Yacov Zohn

PhD student, History

Faculty advisors: David McDonald and Francine Hirsch

Yacov ZohnYacov Zohn is a PhD candidate in History at UW–Madison specializing in sports history. His dissertation follows the story of the national Soviet soccer team from its first competitive international competition at the 1952 Olympics to its disintegration in the early 1990s.

Zohn is fluent in nine languages, allowing him to compare primary sources, scholarship, and oral histories from across languages to show the larger context around the Soviet soccer team. By examining the national and international allegiances within the Soviet team, Zohn aims to show how the politics of representation played out with the team, while also offering useful lessons from sports history for the present time.

“Sporting events of various kinds enabled some of the most successful avenues for soft diplomacy during the Cold War. What we can learn is eminently relevant to contemporary times, when tensions simmering between Russia and the USA are eerily reminiscent of the Cold War years,” Zohn said. “Sport can easily communicate ideals, offer an international stage to showcase power and competence, as well as stoke national unification. I hope that my project will help advocate for increased US attention to the importance of sport in public affairs and policy.”

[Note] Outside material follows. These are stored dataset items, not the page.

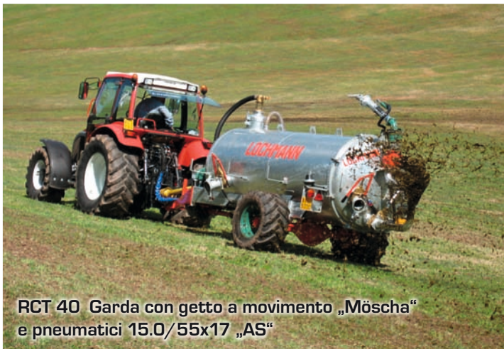
RCT 40 Garda con getto a movimento „Möscha“ e pneumatici 15.0/55x17 „AS“
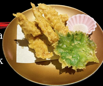
合鴨ササミ天 Aigamo Sasami Ten Duck chest Tempura
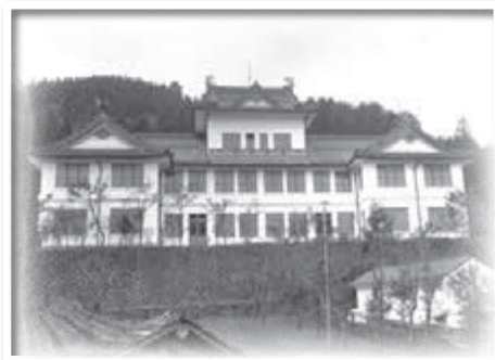
増設前の旧庁舎(大正初期)
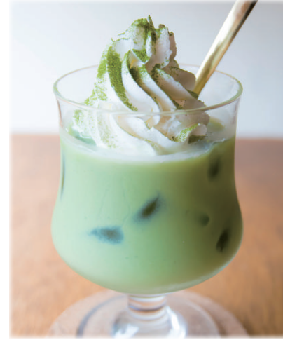
ホット抹茶ミルク / ¥ 600 アイス抹茶ミルク

Green tea milk with whipped cream(hot/ice)
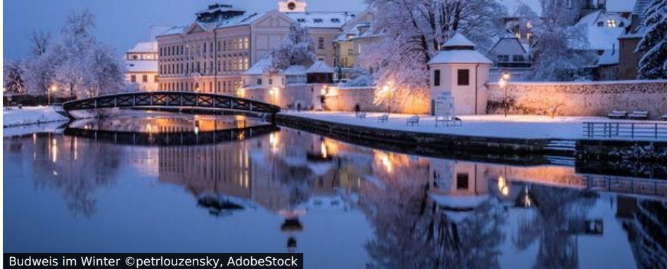
Budweis im Winter
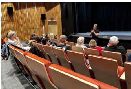
Na besedě o dezinformacích se řešila důležitá témata.

9. 1. Ve čtvrtek 9. ledna se v sále hustopečského kina konala beseda s názvem „Jak na (dez)informace kolem nás?“, kterou vedl
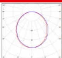
С - Прозрачный 75%

*Световой поток после рассеивателя при температуре окружающей среды 25° С
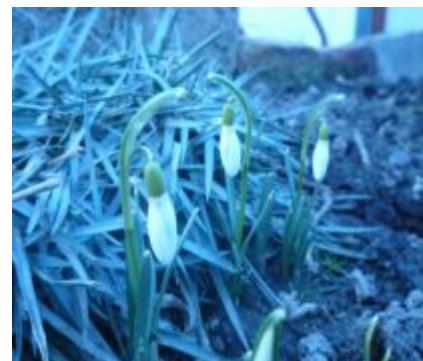
První letošní sněženky
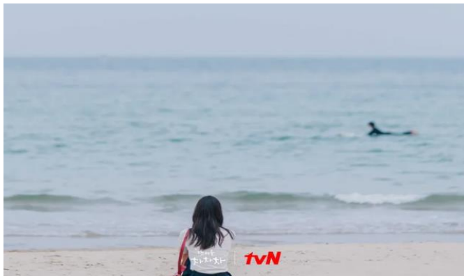
อาหารเย็น (2)

หาดวอลโป (Wolpo Beach) ฉากเปิดตัวพระเอกกับนางเอกพบกันครั้งแรก หาดวอลโปมีความยาวถึง 900 เมตร กว้าง 70 เมตร มีพื้นที่กว่า 107,786 ตารางเมตร น้ำสะอาดและดีน เหมาะสำหรับการพักผ่อน ประกอบกับเป็นชายหาดเป็นที่ที่ กระแสน้ำอุ่นและน้ำเย็นมาบรรจบกัน ทำให้มีสัตว์ทะเลมากมาย กิจกรรมที่นิยม การตกปลาหรือเล่นกระดานโต้คลื่น
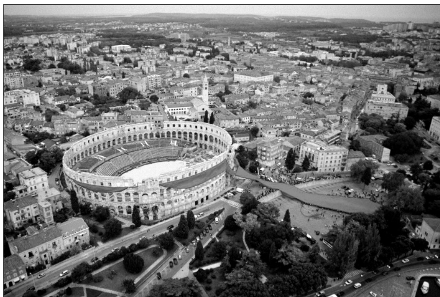
Nyakkendő Pula ókori amfiteátruma körül (2003)

Zohn held a WARF-funded University Fellowship in 2019-20, after which he secured multiple sources of outside funding to support his research. He won a Foreign Language and Area Studies Fellowship from the U.S. Department of Education in 2020-21. In summer 2022, he was a research scholar at the Kennan Institute in Washington, D.C., part of the Woodrow Wilson International Center for Scholars.

He has also received multiple research travel awards including funding through the UW–Madison Student Research Grants Competition to travel to California. There, he conducted research at three libraries that gave him access to unique sources for his dissertation.

“I am extremely grateful for the assistance and the opportunities that the fellowship provided,” Zohn said of the support from WARF. “With the funds I managed to carry out a research trip that I had not counted on, but which proved immense for my work.”

Most recently, Zohn won a 2022 Stephen F. Cohen-Robert C. Tucker Dissertation Research Fellowship for Russian Historical Studies from the Association for Slavic, East European, and Eurasian Studies, which will help him to complete his dissertation.